#### [Aim of the task]
In the records below, find the line holding "Постановление Управления КГБ" and the line holding "- ◇ワンポイント◇ ヘアゴム 6個セット ベージュ ブラウン 高耐久". Set down both, with every line between them, exactly.
==== Entries supplied ====
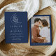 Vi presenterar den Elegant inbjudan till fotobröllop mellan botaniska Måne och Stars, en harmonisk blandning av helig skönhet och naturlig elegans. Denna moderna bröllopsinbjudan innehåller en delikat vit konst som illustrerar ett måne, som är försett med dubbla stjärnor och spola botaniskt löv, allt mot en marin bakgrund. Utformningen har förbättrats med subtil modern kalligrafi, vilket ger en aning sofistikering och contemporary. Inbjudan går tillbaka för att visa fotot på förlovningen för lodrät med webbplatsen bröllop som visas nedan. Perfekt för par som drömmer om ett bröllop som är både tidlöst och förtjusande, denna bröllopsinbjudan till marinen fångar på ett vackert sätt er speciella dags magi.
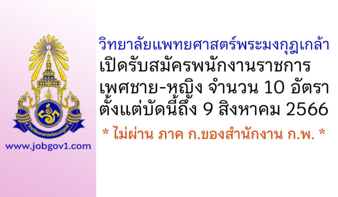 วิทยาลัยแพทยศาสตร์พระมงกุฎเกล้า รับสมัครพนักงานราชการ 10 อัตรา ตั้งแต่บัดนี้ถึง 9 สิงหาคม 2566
====
==== Entries supplied ====
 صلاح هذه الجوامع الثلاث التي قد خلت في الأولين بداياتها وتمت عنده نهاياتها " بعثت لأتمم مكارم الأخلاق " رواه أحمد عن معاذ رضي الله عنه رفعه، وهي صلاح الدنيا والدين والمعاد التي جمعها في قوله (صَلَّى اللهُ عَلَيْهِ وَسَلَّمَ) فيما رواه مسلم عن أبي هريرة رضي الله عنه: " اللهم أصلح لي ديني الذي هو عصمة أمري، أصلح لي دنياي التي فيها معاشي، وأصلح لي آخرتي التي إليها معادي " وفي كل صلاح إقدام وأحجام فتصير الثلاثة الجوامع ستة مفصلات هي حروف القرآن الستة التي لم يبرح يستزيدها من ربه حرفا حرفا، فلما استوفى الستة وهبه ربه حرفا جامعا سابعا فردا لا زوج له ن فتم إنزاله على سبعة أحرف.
====
==== Entries supplied ====
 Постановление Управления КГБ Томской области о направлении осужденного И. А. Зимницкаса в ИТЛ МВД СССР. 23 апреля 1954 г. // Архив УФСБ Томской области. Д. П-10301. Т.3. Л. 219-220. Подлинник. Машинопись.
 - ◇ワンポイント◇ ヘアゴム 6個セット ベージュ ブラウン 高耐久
====
#### [Solution to the problem]
 Постановление Управления КГБ Томской области о направлении осужденного И. А. Зимницкаса в ИТЛ МВД СССР. 23 апреля 1954 г. // Архив УФСБ Томской области. Д. П-10301. Т.3. Л. 219-220. Подлинник. Машинопись.
 - ◇ワンポイント◇ ヘアゴム 6個セット ベージュ ブラウン 高耐久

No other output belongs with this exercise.